Figure 3.

EGFR and STAT3 are activated in mixed tumors and after in vitro treatment of wtEGFR cell with ΔEGFR cell CM. (A) Analysis of EGFR and STAT3 phosphorylation by Western blot (left) and densitometry (right) of tumor lysates obtained after intracranial injection of indicated U87 cell line derivative mixtures. Every lane represents a different tumor sample. Arrows indicate wtEGFR or ΔEGFR bands. Error bars represent mean ± SEM (n = 3).
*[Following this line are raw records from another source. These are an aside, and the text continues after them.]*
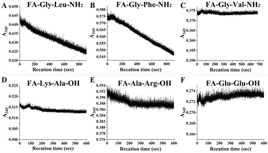 EK4-1 hydrolysis curves for six synthetic dipeptides. Substrates are (A) FA-Gly-Leu-NH2, (B) FA-Gly-Phe-NH2, (C) FA-Gly-Val-NH2, (D) FA-Lys-Ala-OH, (E) FA-Ala-Arg-OH and (F) FA-Glu-Glu-OH.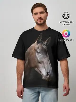 Мужская футболка оверсайз / Лошадь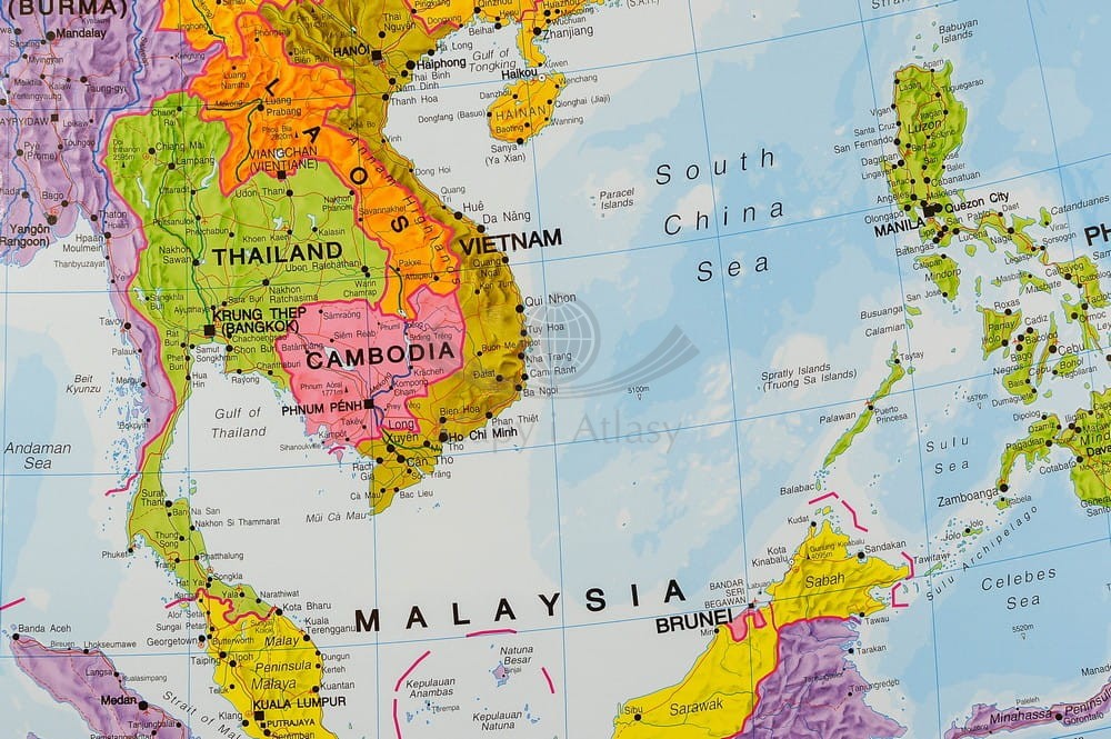 Polityczna mapa Azji w skali 1:11 000 000 wydawnictwa Maps International w wersji magnetycznej.
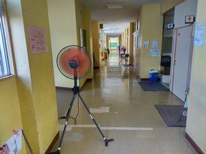 エアコンで冷房中だと冷気がもったいない気がしますが,換気は大事なので常時行っています。2学期とともに戻ってきた暑さのせいか,3階は廊下の空気がもわっとしていたので,業務用の扇風機を設置して空気を循環させるようにしました。休み時間,その風に当たりながら「前より良い感じです」と6年の女子が教えてくれました。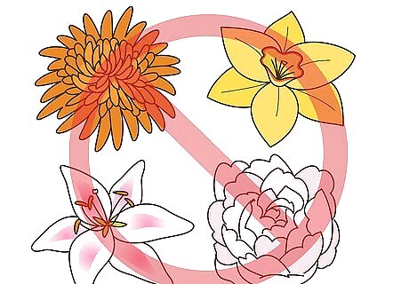 Skip toxic houseplants. Some plants are toxic to ferrets. If they chew on them, they can get ill or even die. Houseplants toxic to ferrets include poinsettias, aloe vera, milkweed, morning glory, carnations, yew, rhododendrons, tomato plants, baby's breath, chrysanthemums, and daffodils. If you have these plants in your home, keep them in a separate room or take them outside. Also, check flower arrangements for toxic plants, as many flowers can be detrimental to a ferret's health. You can throw out the arrangement or place it far out of reach of your ferret. Keep in mind, though, that falling leaves and flowers can be eaten by your ferret. Talk with your family and friends, as well, so they don't give you these plants or bring them in your house.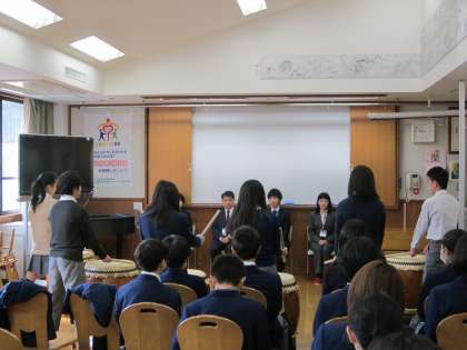 続いて,生徒会より歓迎のことば,和太鼓部の演奏がありました。

Mann-Whitney U-test was used to compare results. (*) P < 0.05. (B) Western blot analysis of U87wt lysates untreated (−) or treated with 50 ng/mL EGF, or U87Par CM (ParCM) or U87Δ CM (ΔCM) showing activation of EGFR, ERK, Akt, and STAT3 pathways when treated with ΔCM. (C) Western blot analysis of mAstr-Ink4/Arf^−/−-wtEGFR lysates untreated (−) or treated with mAstr-Ink4/Arf^−/−-Par CM (ParCM), mAstr-Ink4/Arf^−/−-ΔEGFR CM (ΔCM), or 2.5 ng/mL EGF. (D) Western blot analysis of lysates of U87wt treated with U87Δ CM (ΔCM), with or without pretreatment with 2 μM EGFR inhibitors gefitinib (G) or erlotinib (E). (E) Western blot analysis of lysates of U87wt untreated (−) or treated with serum-free medium (SFM), EGF, or U87Δ CM (ΔCM), with or without preincubation with EGFR ligand trap (501-Fc). Actin and/or total protein were used as loading controls.